■ TASK TO COMPLETE ■
Here is the task for the records below: repeat exactly the lines from the one with "Good Corporate Governance" to the one with "A estampa de", both included, and nothing else.

■ DATA FOR THE TASK ■
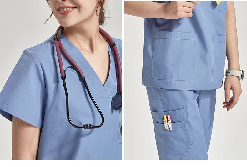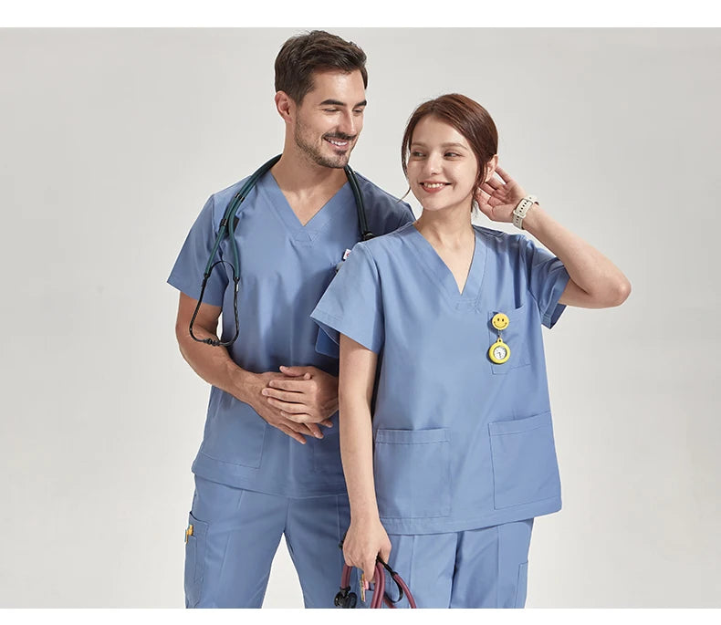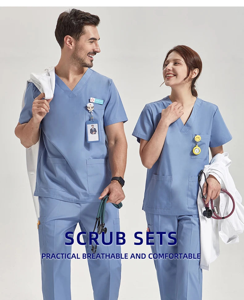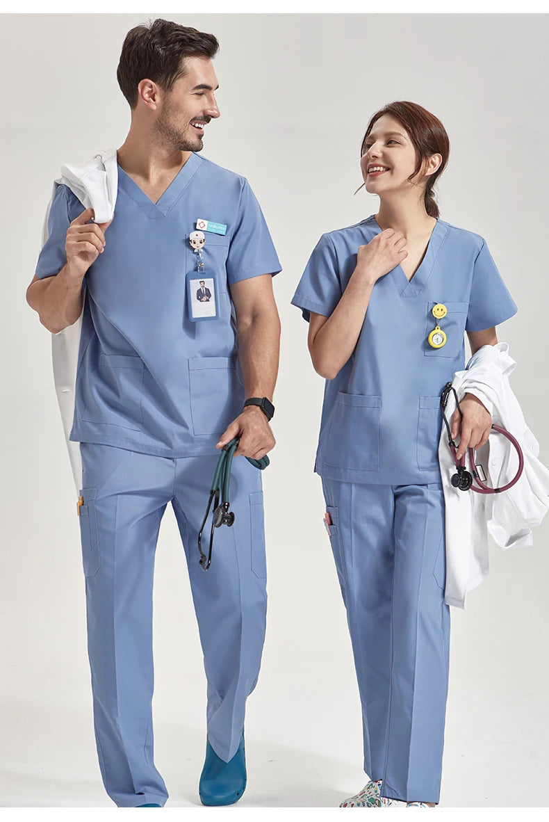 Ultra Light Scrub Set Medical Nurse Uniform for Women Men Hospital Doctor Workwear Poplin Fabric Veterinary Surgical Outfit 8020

---

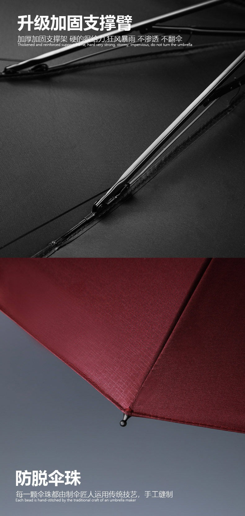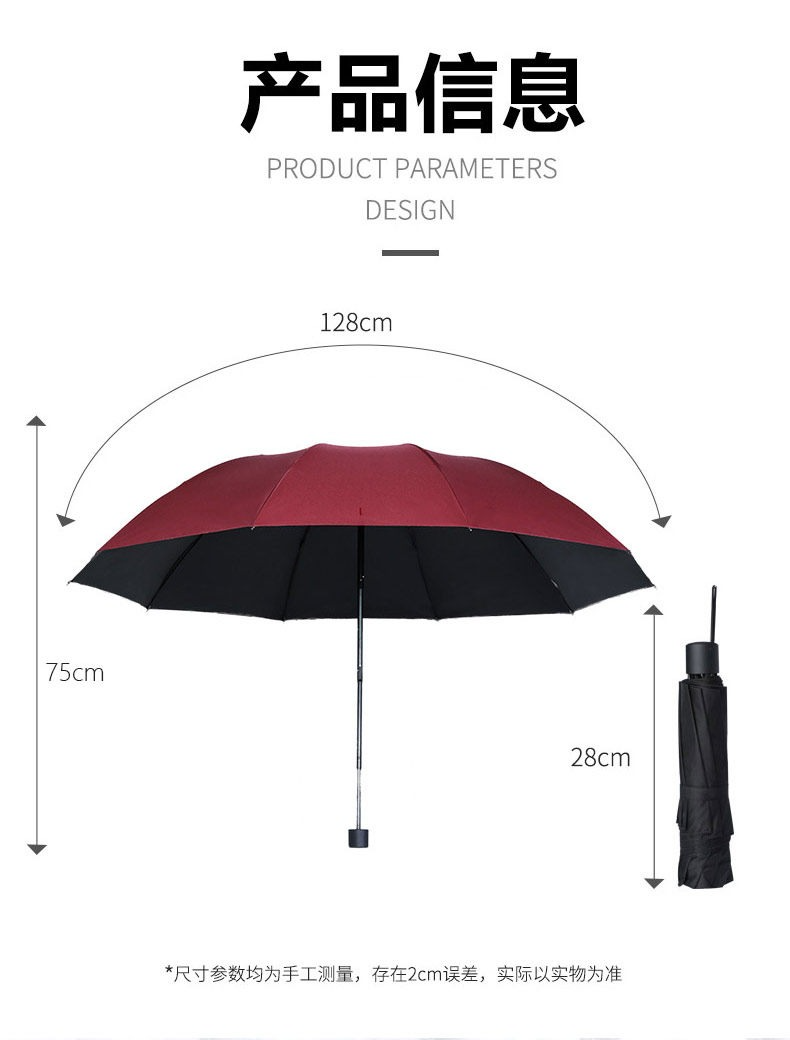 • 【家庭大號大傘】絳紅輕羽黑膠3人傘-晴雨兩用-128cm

---

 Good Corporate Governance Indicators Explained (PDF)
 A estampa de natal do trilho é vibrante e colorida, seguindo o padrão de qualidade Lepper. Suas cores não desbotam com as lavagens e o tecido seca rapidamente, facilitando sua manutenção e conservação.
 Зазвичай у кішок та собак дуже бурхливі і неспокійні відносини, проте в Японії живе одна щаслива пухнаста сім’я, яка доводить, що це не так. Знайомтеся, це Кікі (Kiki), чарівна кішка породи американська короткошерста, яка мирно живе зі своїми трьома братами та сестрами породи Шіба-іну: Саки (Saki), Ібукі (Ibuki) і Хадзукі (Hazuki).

■ SOLUTION ■
 Good Corporate Governance Indicators Explained (PDF)
 A estampa de natal do trilho é vibrante e colorida, seguindo o padrão de qualidade Lepper. Suas cores não desbotam com as lavagens e o tecido seca rapidamente, facilitando sua manutenção e conservação.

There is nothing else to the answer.